Prompt
In the listing that follows, the range to quote begins at the line that has "This keeps you" and ends after the line that has "G.duck Little Yellow"; quote it verbatim and add nothing.

Source data

::::

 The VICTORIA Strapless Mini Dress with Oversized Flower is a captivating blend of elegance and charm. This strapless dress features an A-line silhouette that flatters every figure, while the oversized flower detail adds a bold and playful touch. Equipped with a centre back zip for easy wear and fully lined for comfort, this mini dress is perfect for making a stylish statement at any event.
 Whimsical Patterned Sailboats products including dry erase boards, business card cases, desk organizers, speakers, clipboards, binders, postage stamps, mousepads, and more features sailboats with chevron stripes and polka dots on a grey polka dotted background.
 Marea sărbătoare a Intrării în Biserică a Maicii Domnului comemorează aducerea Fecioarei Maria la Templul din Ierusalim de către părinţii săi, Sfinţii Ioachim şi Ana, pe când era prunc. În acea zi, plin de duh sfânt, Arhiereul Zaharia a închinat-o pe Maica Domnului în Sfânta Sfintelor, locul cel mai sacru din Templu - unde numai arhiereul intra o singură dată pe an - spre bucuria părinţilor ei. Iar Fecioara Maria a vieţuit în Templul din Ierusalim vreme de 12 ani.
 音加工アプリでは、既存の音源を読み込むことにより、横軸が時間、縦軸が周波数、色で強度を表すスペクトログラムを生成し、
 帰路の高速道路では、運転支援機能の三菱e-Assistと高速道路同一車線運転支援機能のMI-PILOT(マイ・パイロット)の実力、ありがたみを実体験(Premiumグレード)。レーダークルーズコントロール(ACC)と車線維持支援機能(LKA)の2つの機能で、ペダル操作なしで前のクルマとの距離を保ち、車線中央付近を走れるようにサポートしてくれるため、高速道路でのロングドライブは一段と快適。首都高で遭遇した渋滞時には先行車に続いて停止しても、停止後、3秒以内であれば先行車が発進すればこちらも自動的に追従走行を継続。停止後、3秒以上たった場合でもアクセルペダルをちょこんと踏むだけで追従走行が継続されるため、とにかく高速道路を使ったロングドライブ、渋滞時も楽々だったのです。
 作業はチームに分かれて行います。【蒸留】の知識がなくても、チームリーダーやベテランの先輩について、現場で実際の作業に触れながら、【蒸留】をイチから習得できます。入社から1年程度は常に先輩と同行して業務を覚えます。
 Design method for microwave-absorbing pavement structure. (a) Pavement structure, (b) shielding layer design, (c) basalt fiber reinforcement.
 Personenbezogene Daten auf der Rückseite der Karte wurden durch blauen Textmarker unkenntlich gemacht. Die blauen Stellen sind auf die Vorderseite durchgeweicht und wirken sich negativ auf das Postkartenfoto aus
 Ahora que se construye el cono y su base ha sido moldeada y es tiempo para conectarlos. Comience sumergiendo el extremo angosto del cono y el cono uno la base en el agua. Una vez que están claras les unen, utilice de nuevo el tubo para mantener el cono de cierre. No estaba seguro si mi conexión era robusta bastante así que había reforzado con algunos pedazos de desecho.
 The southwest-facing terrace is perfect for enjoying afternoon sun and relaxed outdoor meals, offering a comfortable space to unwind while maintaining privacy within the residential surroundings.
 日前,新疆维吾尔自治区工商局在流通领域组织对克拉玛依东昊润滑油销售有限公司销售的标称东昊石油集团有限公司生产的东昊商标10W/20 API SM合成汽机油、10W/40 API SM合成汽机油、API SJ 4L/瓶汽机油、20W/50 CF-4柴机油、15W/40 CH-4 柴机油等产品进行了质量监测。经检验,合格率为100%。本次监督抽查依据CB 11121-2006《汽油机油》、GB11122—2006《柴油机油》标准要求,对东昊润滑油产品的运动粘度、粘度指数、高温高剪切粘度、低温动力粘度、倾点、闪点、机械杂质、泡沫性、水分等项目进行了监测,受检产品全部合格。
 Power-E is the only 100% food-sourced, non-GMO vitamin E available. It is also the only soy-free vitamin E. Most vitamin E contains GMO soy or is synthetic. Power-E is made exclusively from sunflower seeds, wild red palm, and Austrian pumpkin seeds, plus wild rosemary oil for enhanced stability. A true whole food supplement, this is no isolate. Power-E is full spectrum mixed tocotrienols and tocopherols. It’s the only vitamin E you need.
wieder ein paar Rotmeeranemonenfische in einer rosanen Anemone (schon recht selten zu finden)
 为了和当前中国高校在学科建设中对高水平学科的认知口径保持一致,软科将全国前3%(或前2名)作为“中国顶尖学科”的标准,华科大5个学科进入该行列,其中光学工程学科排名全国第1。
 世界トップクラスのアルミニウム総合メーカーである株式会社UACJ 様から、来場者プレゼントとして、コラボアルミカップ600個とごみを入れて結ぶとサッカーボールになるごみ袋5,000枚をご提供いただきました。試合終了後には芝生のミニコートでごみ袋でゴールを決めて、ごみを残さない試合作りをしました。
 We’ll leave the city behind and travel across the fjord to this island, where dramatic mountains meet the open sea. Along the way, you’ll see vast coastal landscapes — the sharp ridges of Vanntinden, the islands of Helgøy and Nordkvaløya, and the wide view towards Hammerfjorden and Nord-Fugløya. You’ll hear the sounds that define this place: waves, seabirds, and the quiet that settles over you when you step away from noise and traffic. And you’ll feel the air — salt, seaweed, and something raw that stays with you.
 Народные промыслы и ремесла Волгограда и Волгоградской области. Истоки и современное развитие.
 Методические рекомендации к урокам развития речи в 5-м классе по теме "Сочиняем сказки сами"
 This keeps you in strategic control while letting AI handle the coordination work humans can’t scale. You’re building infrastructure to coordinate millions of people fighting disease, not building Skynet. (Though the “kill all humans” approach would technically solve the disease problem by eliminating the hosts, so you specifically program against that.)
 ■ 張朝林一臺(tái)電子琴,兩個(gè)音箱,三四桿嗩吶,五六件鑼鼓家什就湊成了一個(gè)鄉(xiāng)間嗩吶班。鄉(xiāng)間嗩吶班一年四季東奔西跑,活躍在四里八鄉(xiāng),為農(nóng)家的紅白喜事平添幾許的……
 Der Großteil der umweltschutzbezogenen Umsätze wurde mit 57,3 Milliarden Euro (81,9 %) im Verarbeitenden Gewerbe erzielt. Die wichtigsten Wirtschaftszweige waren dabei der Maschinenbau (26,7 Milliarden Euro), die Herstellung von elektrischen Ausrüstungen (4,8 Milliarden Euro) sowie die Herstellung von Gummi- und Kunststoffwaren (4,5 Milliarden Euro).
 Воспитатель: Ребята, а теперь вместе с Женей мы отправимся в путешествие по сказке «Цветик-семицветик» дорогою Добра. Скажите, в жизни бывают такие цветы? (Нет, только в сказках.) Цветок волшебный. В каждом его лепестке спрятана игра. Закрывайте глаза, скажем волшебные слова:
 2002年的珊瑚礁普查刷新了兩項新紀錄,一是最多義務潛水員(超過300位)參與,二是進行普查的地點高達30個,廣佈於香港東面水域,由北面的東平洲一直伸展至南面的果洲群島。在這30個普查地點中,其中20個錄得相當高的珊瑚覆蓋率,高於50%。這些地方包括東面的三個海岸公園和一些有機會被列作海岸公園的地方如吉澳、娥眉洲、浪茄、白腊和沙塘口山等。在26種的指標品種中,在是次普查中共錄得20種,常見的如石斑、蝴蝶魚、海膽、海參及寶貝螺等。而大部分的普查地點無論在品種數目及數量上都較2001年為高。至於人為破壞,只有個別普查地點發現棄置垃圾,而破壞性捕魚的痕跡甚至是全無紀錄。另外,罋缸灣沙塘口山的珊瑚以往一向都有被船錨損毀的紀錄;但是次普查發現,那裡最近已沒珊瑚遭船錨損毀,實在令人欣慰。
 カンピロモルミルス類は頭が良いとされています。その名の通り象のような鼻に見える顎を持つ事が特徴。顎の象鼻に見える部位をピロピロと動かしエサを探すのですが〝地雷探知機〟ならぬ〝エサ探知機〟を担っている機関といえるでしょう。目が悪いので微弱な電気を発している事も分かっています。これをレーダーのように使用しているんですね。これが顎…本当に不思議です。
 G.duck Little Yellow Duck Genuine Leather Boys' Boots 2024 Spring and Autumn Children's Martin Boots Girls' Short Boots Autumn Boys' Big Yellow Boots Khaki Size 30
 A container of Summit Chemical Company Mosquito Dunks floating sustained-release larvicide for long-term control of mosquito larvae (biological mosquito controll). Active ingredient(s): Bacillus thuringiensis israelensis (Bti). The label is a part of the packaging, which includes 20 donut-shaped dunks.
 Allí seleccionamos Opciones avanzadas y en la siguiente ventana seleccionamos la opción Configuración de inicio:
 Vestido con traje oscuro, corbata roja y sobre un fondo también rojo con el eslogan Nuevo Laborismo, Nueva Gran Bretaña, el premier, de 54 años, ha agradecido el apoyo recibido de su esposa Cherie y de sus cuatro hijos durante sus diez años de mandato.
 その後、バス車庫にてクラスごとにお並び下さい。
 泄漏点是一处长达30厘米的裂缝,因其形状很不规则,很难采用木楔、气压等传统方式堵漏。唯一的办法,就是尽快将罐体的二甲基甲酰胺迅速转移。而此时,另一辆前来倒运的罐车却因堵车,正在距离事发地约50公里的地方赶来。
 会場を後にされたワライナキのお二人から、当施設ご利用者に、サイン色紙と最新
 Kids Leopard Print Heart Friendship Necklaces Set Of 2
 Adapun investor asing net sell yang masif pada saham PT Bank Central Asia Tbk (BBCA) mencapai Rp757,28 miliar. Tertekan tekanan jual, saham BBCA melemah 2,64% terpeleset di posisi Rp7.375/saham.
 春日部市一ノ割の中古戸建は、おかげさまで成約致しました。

::::

Task result
 This keeps you in strategic control while letting AI handle the coordination work humans can’t scale. You’re building infrastructure to coordinate millions of people fighting disease, not building Skynet. (Though the “kill all humans” approach would technically solve the disease problem by eliminating the hosts, so you specifically program against that.)
 ■ 張朝林一臺(tái)電子琴,兩個(gè)音箱,三四桿嗩吶,五六件鑼鼓家什就湊成了一個(gè)鄉(xiāng)間嗩吶班。鄉(xiāng)間嗩吶班一年四季東奔西跑,活躍在四里八鄉(xiāng),為農(nóng)家的紅白喜事平添幾許的……
 Der Großteil der umweltschutzbezogenen Umsätze wurde mit 57,3 Milliarden Euro (81,9 %) im Verarbeitenden Gewerbe erzielt. Die wichtigsten Wirtschaftszweige waren dabei der Maschinenbau (26,7 Milliarden Euro), die Herstellung von elektrischen Ausrüstungen (4,8 Milliarden Euro) sowie die Herstellung von Gummi- und Kunststoffwaren (4,5 Milliarden Euro).
 Воспитатель: Ребята, а теперь вместе с Женей мы отправимся в путешествие по сказке «Цветик-семицветик» дорогою Добра. Скажите, в жизни бывают такие цветы? (Нет, только в сказках.) Цветок волшебный. В каждом его лепестке спрятана игра. Закрывайте глаза, скажем волшебные слова:
 2002年的珊瑚礁普查刷新了兩項新紀錄,一是最多義務潛水員(超過300位)參與,二是進行普查的地點高達30個,廣佈於香港東面水域,由北面的東平洲一直伸展至南面的果洲群島。在這30個普查地點中,其中20個錄得相當高的珊瑚覆蓋率,高於50%。這些地方包括東面的三個海岸公園和一些有機會被列作海岸公園的地方如吉澳、娥眉洲、浪茄、白腊和沙塘口山等。在26種的指標品種中,在是次普查中共錄得20種,常見的如石斑、蝴蝶魚、海膽、海參及寶貝螺等。而大部分的普查地點無論在品種數目及數量上都較2001年為高。至於人為破壞,只有個別普查地點發現棄置垃圾,而破壞性捕魚的痕跡甚至是全無紀錄。另外,罋缸灣沙塘口山的珊瑚以往一向都有被船錨損毀的紀錄;但是次普查發現,那裡最近已沒珊瑚遭船錨損毀,實在令人欣慰。
 カンピロモルミルス類は頭が良いとされています。その名の通り象のような鼻に見える顎を持つ事が特徴。顎の象鼻に見える部位をピロピロと動かしエサを探すのですが〝地雷探知機〟ならぬ〝エサ探知機〟を担っている機関といえるでしょう。目が悪いので微弱な電気を発している事も分かっています。これをレーダーのように使用しているんですね。これが顎…本当に不思議です。
 G.duck Little Yellow Duck Genuine Leather Boys' Boots 2024 Spring and Autumn Children's Martin Boots Girls' Short Boots Autumn Boys' Big Yellow Boots Khaki Size 30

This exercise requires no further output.